Les forces loyales à Mouammar Kadhafi se sont lancées à l'assaut d'Ajdabiah, dernier verrou tenu par les insurgés avant leur bastion de Benghazi. À Paris, le G8 n'a pas réussi à s'accorder sur la mise en place d'une zone d'exclusion aérienne.
REUTERS - Les forces libyennes ont lancé mardi de nouveaux raids aériens sur la ville d'Ajdabiah, considérée comme le dernier verrou avant le fief insurgé de Benghazi, qui réclame en vain depuis des jours une intervention internationale.
A Paris, les chefs de la diplomatie du G8 réunis depuis lundi pour un sommet consacré à la crise libyenne menacent Mouammar Kadhafi de "sévères conséquences" s'il viole les droits des Libyens. Mais leur projet de communiqué final ne mentionne pas l'idée d'une zone d'exclusion aérienne, défendue en vain par la France et la Grande-Bretagne.
Le ministre français des Affaires étrangères, Alain Juppé, a déploré l'absence d'intervention militaire en Libye et estimé que la communauté internationale avait "peut-être laissé passer une chance de rétablir la balance" entre insurgés et kadhafistes.
Dans une interview accordée au quotidien italien Il Giornale, Mouammar Kadhafi se dit certain de l'emporter contre l'insurrection et "choqué et trahi" par ses anciens amis européens, qu'il menace de mesures de rétorsion.
Carrefour stratégique
Les rebelles s'accrochent pour freiner la progression des forces fidèles à Mouammar Kadhafi, qui les ont repoussés de 160 km en une semaine.
Les troupes gouvernementales appliquent avec constance la même tactique pour reprendre les villes tenues par les rebelles.

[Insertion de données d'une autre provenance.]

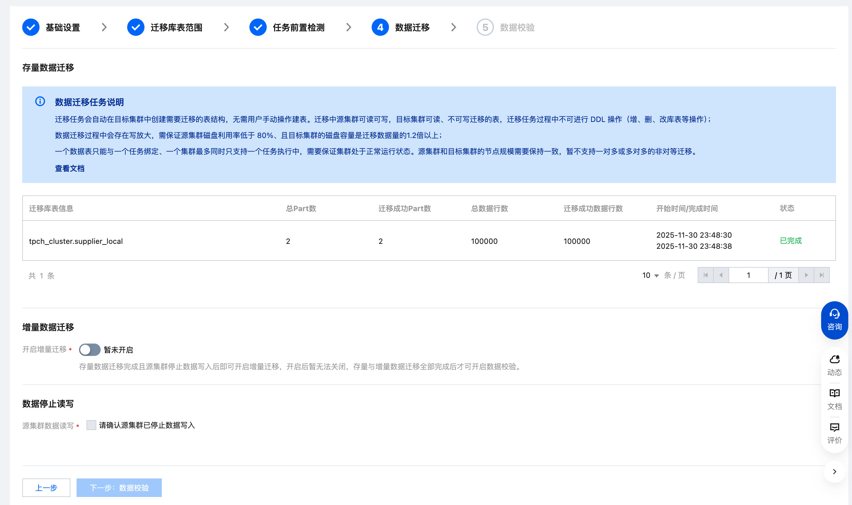 6. 单击 下一步:数据迁移,系统将开启正式的数据迁移。迁移过程中,源集群可正常读写,目标集群可读、但不可写迁移的表,避免数据校验无法通过。受迁移数据总量、网络带宽、CK 节点规模、集群负载、磁盘 IO 等多方面因素影响,数据迁移任务将持续数分钟到数小时不等,系统后台将异步刷新迁移进度。数据迁移分为存量数据迁移和增量数据迁移两个阶段,当存量数据迁移完成后,迁移状态一栏会显示 已完成,届时可以操作进行增量数据迁移。

Aux raids aériens succèdent les tirs d'artillerie, avant l'entrée en scène des troupes au sol.
Ajdabiah a été la cible de raids dès dimanche. Important carrefour stratégique, la ville mène à Benghazi, la capitale de la Cyrénaïque où siège le Conseil national de transition mis en place par les rebelles, mais aussi directement vers Tobrouk, plus à l'est. Un mouvement en tenaille suivant ces deux axes permettrait aux forces loyalistes d'encercler Benghazi.
Le gouvernement libyen a dit mardi qu'il contrôlait de nouveau tous les terminaux pétroliers du pays à l'exception de Tobrouk. Il avait annoncé ces derniers jours la reconquête des terminaux de Ras Lanouf et Brega, à l'ouest d'Ajdabiah.
Des insurgés disent que les combats se poursuivent à Brega. "La situation est très évolutive. Aucun camp ne contrôle le terrain", a dit un rebelle à Ajdabiah, peu après être revenu de Brega, situé à 75 km de là.
Selon la chaîne de télévision Al Djazira, des unités d'élite commandées par deux fils de Kadhafi, Khamis et Saadi, s'approchent de cette localité de 4.300 habitants.
A l'autre bout du pays, près de la frontière tunisienne, les kadhafistes ont repris lundi Zouara, une des dernières localités que les rebelles tenaient dans l'ouest du pays.
L'Allemagne sceptique
À Paris, les chefs de la diplomatie du G8 - Etats-Unis, Canada, Allemagne, Japon, Grande-Bretagne, France, Italie et Russie - ont exhorté mardi le Conseil de sécurité de l'Onu à accroître la pression sur Kadhafi, via des mesures économiques notamment, mais un paragraphe de leur communiqué réclamant la mise en place d'une zone d'exclusion aérienne a été retiré.
A l'issue d'un dîner lundi soir, le ministre allemand des Affaires étrangères, Guido Westerwelle, n'avait pas caché son scepticisme quant à la mise en place d'une telle zone, que la Russie a pour sa part jugée inefficace et contre-productive.
L'idée d'une zone d'exclusion aérienne, appuyée ce week-end par la Ligue arabe, a aussi été débattue au Conseil de sécurité à New York mais aucun consensus ne s'est dessiné.
"Il faut répondre à des questions fondamentales, pas seulement sur ce qu'il faut faire, mais comment le faire", a déclaré le représentant de la Russie à l'Onu, Vitali Tchourkine.
A Genève, le président de la Ligue libyenne pour les droits de l'homme, Soliman Bouchuiguir, a prédit un "vrai bain de sang, un massacre semblable à ceux du Rwanda" si les forces gouvernementales venaient à lancer une offensive sur Benghazi, la deuxième ville du pays forte de 670.000 habitants.